Hailstorms aside, though, it’s been a pretty good week. I still absolutely love the kids and (almost all) the teachers at my school. I feel like such a nerd, because I wake up in the morning and I’m actually excited to go to school, just because it’s so much fun being with all the kids. I don’t even mind waking up before 6 a.m. to do this, which is just as shocking to me as it undoubtedly is to those of you who have known me for more than a week. The thing about getting up early here, though, is that it’s not nearly as hard as it is at home. Since it’s so close to the equator, Bogotá gets about 12 hours of daylight pretty much year-round, which is glorious. It also means that the sun rises by 6 every day, so I get to walk to school in sunlight, rather than in horrible cold darkness, as it would be this time of year at home. So a point to Bogotá, there.

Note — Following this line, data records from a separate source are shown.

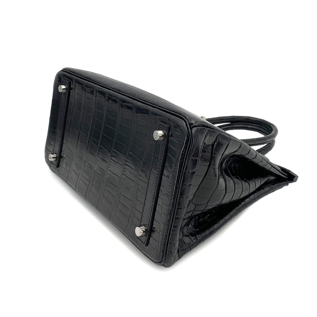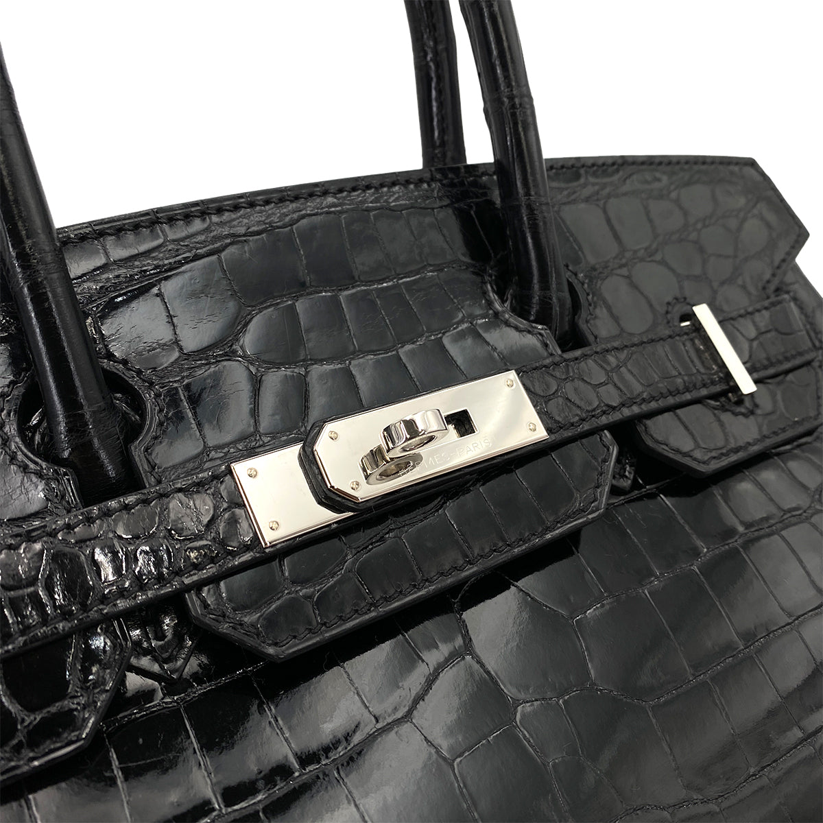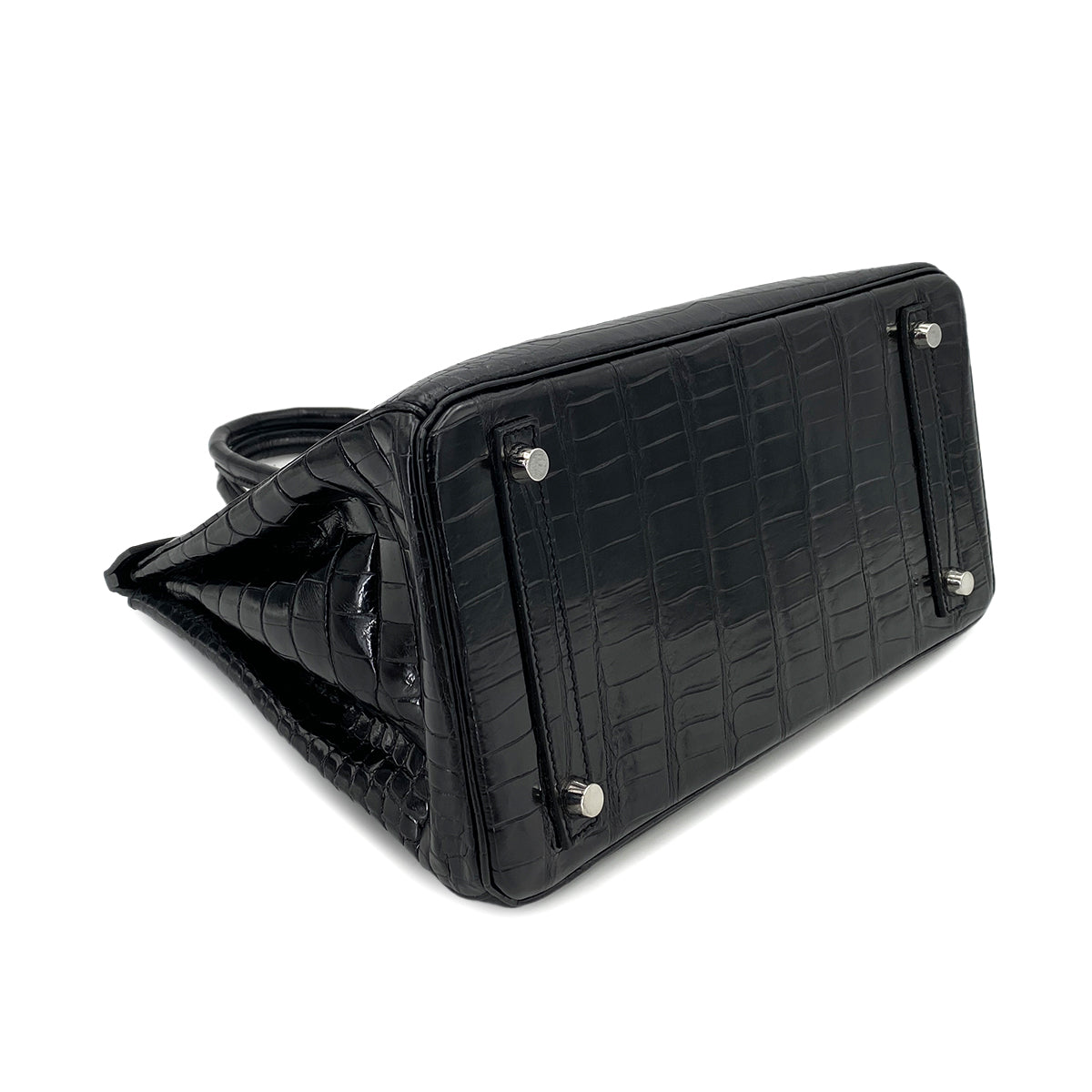 HERMES BIRKIN 30 BLACK CROCODILE POROSUS LISSE HAND BAG □Q SHW 90250279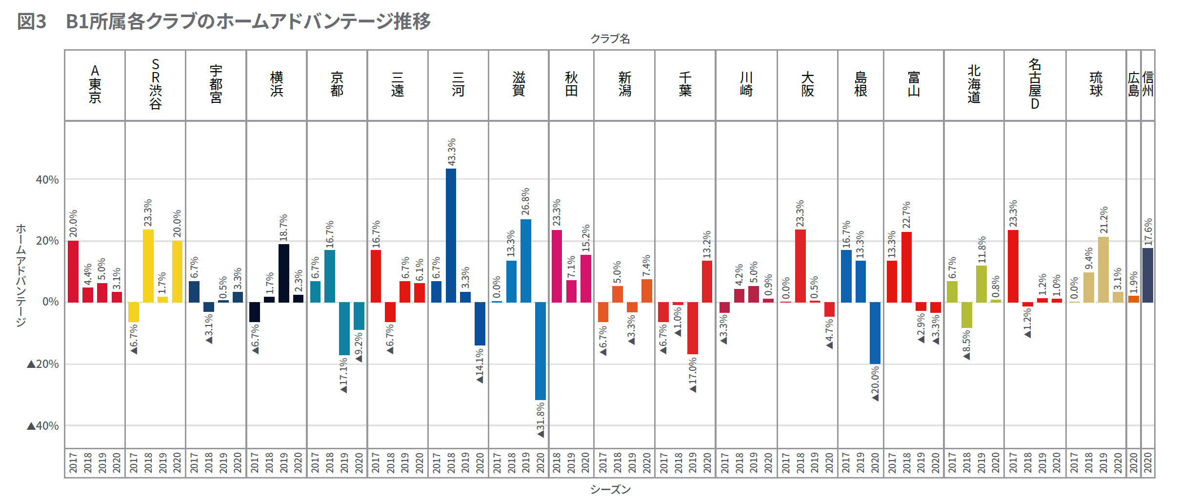 一方で千葉やSR渋谷などはホームアドバンテージを大きく上げたクラブであるといえます。千葉は昨シーズン▲17.0%という結果でしたが、2020年シーズンは13.2%と改善しました。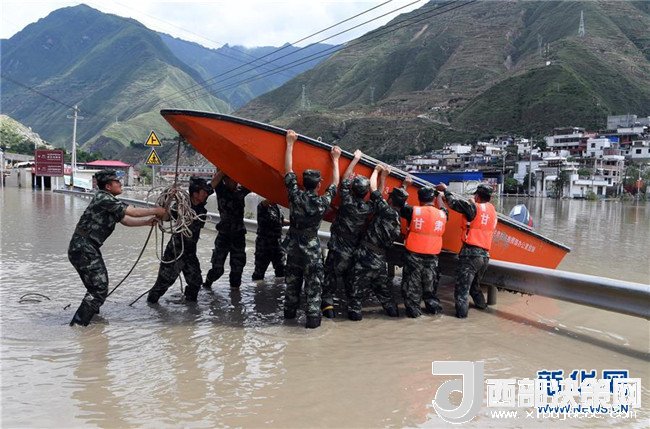 7月15日,在舟曲縣南峪鄉(xiāng),武警甘南支隊?wèi)?zhàn)士在搬運沖鋒舟。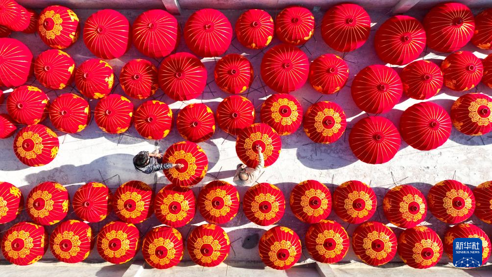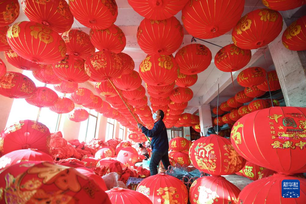 12月16日,在河北省石家庄市藁城区梅花镇屯头村一家宫灯生产厂,工人在晾晒宫灯。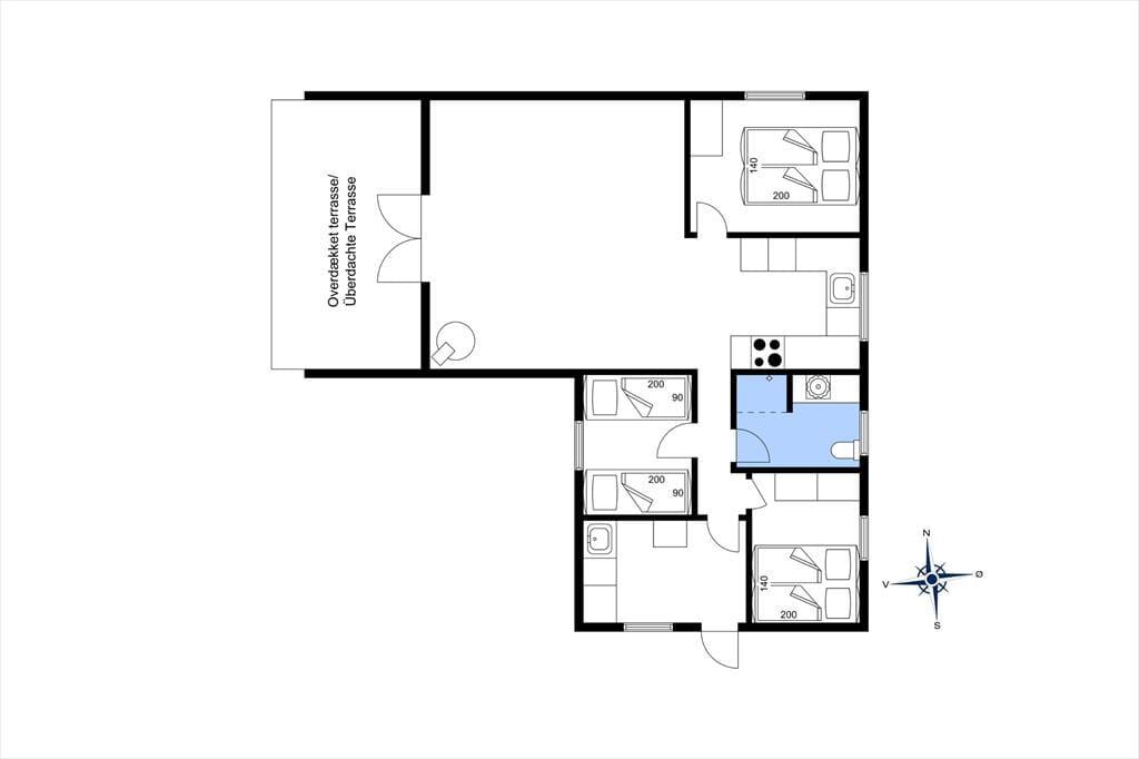 Feriehuset er indrettet med kombineret køkken og opholdsstue. Lyst Køkken som indeholder keramisk komfur, opvaskemaskine, mikroovn, Airfryer og køleskab med fryser. Opholdsstue med udgang til delvist overdækket træterrasse, brændeovn, sofaer, god spiseplads, Smart-TV med adgang til streamingtjenester (kræver eget login). Bryggers med vaskemaskine og tørretumbler. Badeværelse med klinkegulv, bruseniche og gulvvarme. Tre soveværelser, Et med dobbeltseng, et med en dobbelt sovesofa og et med en enkeltseng. Huset opvarmes med varmepumpe, Brændeovn og elvarme.
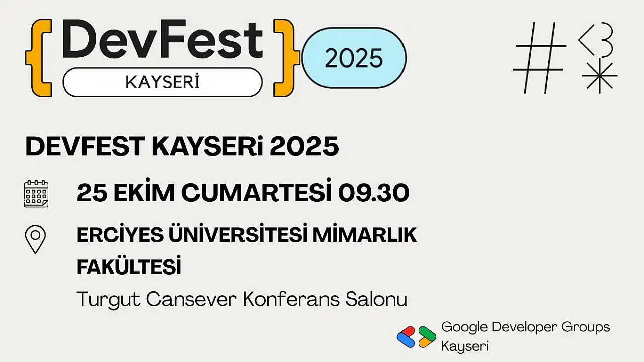 GDG Kayseri tarafından yapılan paylaşımda, ‘’DevFest Kayseri 2025 için geri sayım başladı!’’ ifadeleriyle etkinlik duyuruldu. Buna göre, Erciyes Üniversitesi Mimarlık Fakültesi Turgut Cansever Konferans Salonu’nda düzenlenecek etkinlik, 25 Ekim Cumartesi 09.30’da gerçekleşecek. Etkinliğe katılım ücretsiz ancak bilet almak zorunlu kılındı.
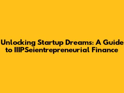 Understanding the Basics of IIIPSeientrepreneurial Finance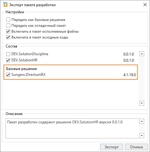 При экспорте пакета разработки обязательно включите в него базовые решения. Для этого в окне экспорта установите флажок рядом с базовым решением: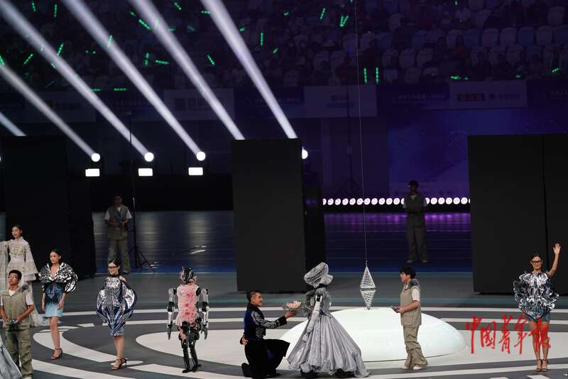 8月14日,北京国家速滑馆“冰丝带”,人们与机器人一起演绎题为《天工霓裳》的时尚秀。中青报·中青网记者 赵迪/摄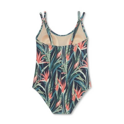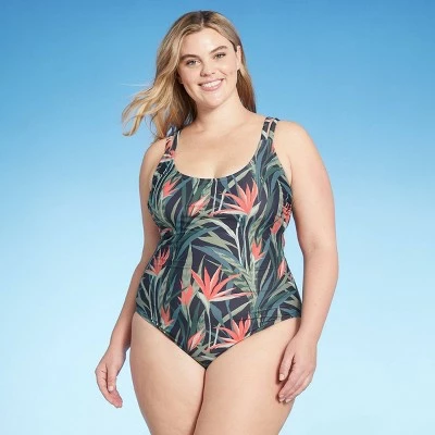 The Open Strappy One-Piece Swimsuit from Kona Sol™ is ideal for swimming laps or just lounging by the pool. This suit boasts a one-piece design that is both stylish and functional, as you can move around in comfort with the confidence of a stay-put fit. The scooped neckline and full-coverage bottom offer the coverage you need for even more comfort, while the plain back balances the silhouette. Sewn-in cups offer smooth shaping and support, and you’ll love the beautiful tropical pattern.
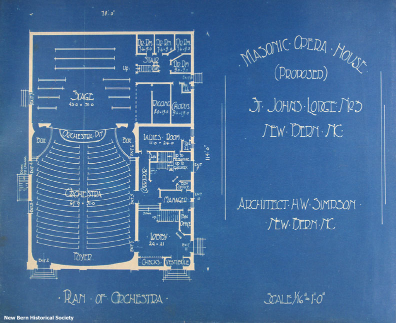 Title: Plans, Masonic Opera House (Proposed), St. John's Lodge, New Bern, N.C.
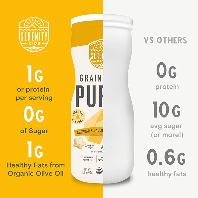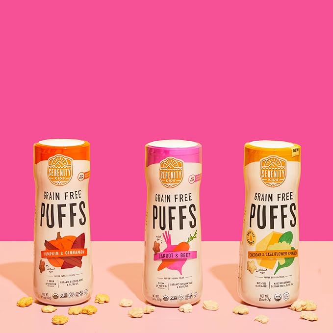 • SERENITY KIDS FUN TIME: We’re all about making snack time fun for kids and stress-free for parents with these yummy and nutritious puffs. This grain free puffs baby pack is a must-have for your baby's snack needs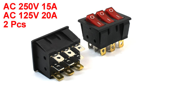 Product Name Rocker Switch Action SPST Terminals 9 Pin (ON-OFF) Light Color Red Rating Voltage 15A 250VAC 20A 125VAC Total Size 4 x 3.3 x 3.8cm/1.6" x 1.3" x 1.5"(L* W *T) Mounting Dimension 35 x 30mm/1.4" x 1.2"(L*W) Color Black, Silver Tone Material Plastic & Metal Total Weight 49g Package Content 2 x Rocker Switches - Reviews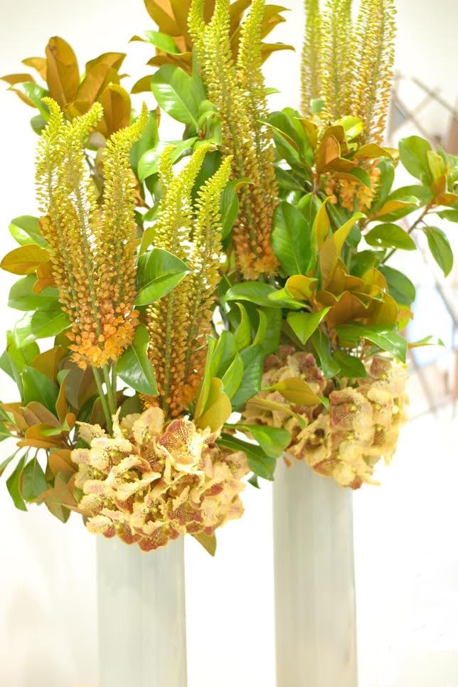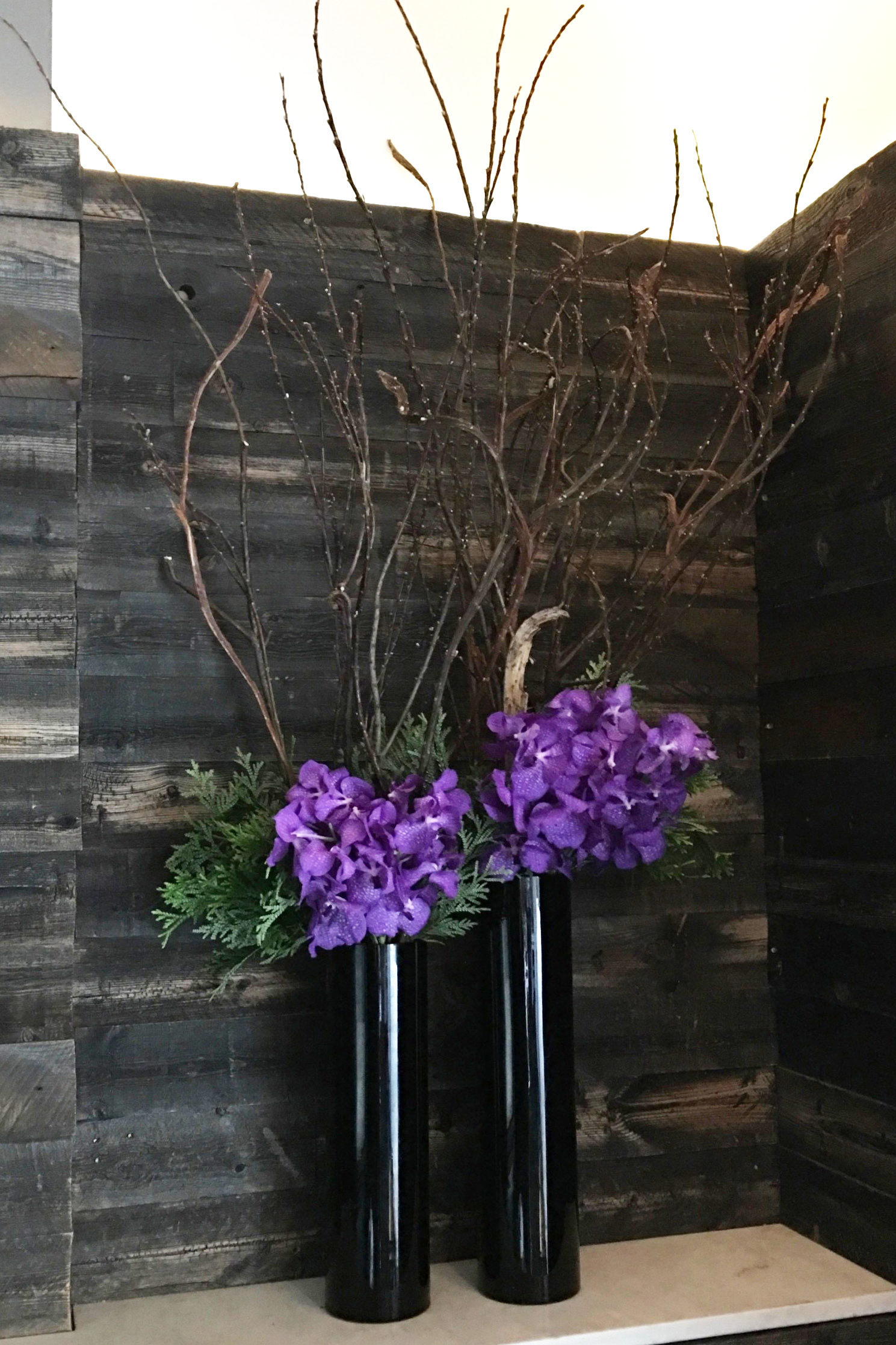 桜色の花、ミモザ、紫陽花、初夏の枝、
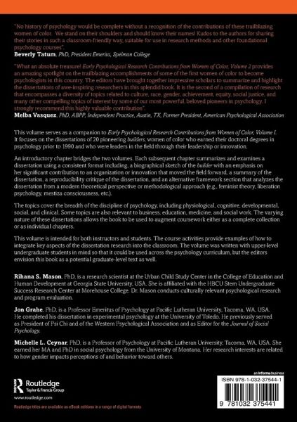 This volume serves as a companion to Early Psychological Research Contributions from Women of Color Volume I (Grahe, Ceynar, & Mason, 2023). It focuses on the dissertations of 20 builders-women of color who earned their doctoral degrees in psychology prior to 1990 and who were builders in the field through her leadership or innovation.
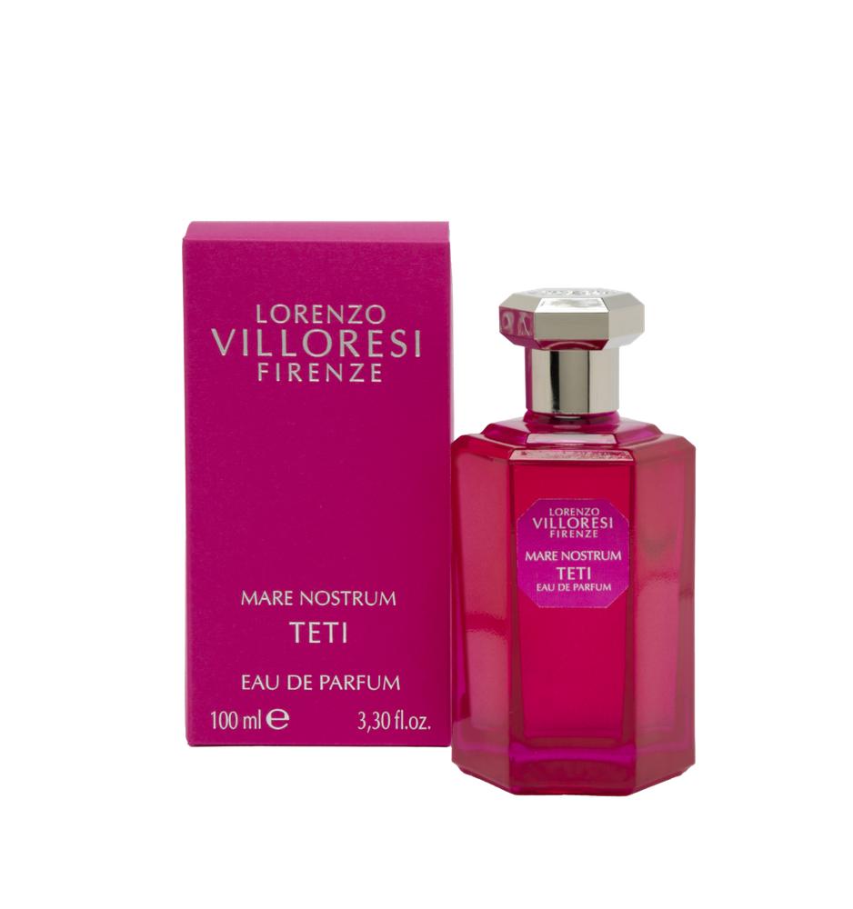 „Teti, Göttin des Meeres und Nymphe der Gewässer, junge Frau von ewiger Schönheit. Sie spielt zwischen den schäumenden Wellen und verzaubert alle, die kommen, um ihren Durst an den Süßwasserquellen zu stillen. Ihr Haar ist mit nie gesehenen Blumen geschmückt, die einen frischen und spritzigen Duft verströmen, während sie in der Morgensonne singt, umgeben von der strahlenden Natur, reich an Früchten in allen Farben.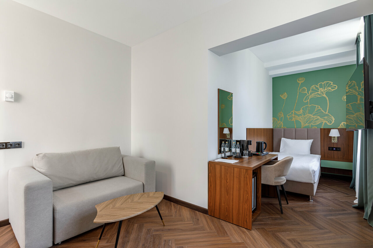 Площадь номера 29 кв мВ номере:мини-холодильникбутилированная водачайная станциязона отдыха и рабочий столполный набор банных и косметических принадлежностейфенкосметическое зеркало

Which leads us to the chicken-or-egg issue of how early everything starts here. I don’t know whether it’s a result of the lovely constant daylight schedule or that it just happens to be convenient that the sidewalks are visible when everyone’s walking to work, but people get up outrageously early. The public transportation systems start running before 5 a.m., and they’re PACKED by 6:30. Like I said, my school starts at 7, but most teachers are there by 6:30 — this retroactively gives high-school me nightmares. And not only do people have to get up early just to get to work, but they need to give themselves extra time to get ready, because most Bogotanos don’t leave their houses unless they look perfect. One of the other volunteers lives with a woman who’s a cosmetologist, and she gets up at like 3 a.m. to go to women’s houses to get them ready for work. That’s right, ladies. Here in Bogotá, you’re supposed to get a blowout and your makeup done before you even head to the office. Guess I’m never going to fit in here.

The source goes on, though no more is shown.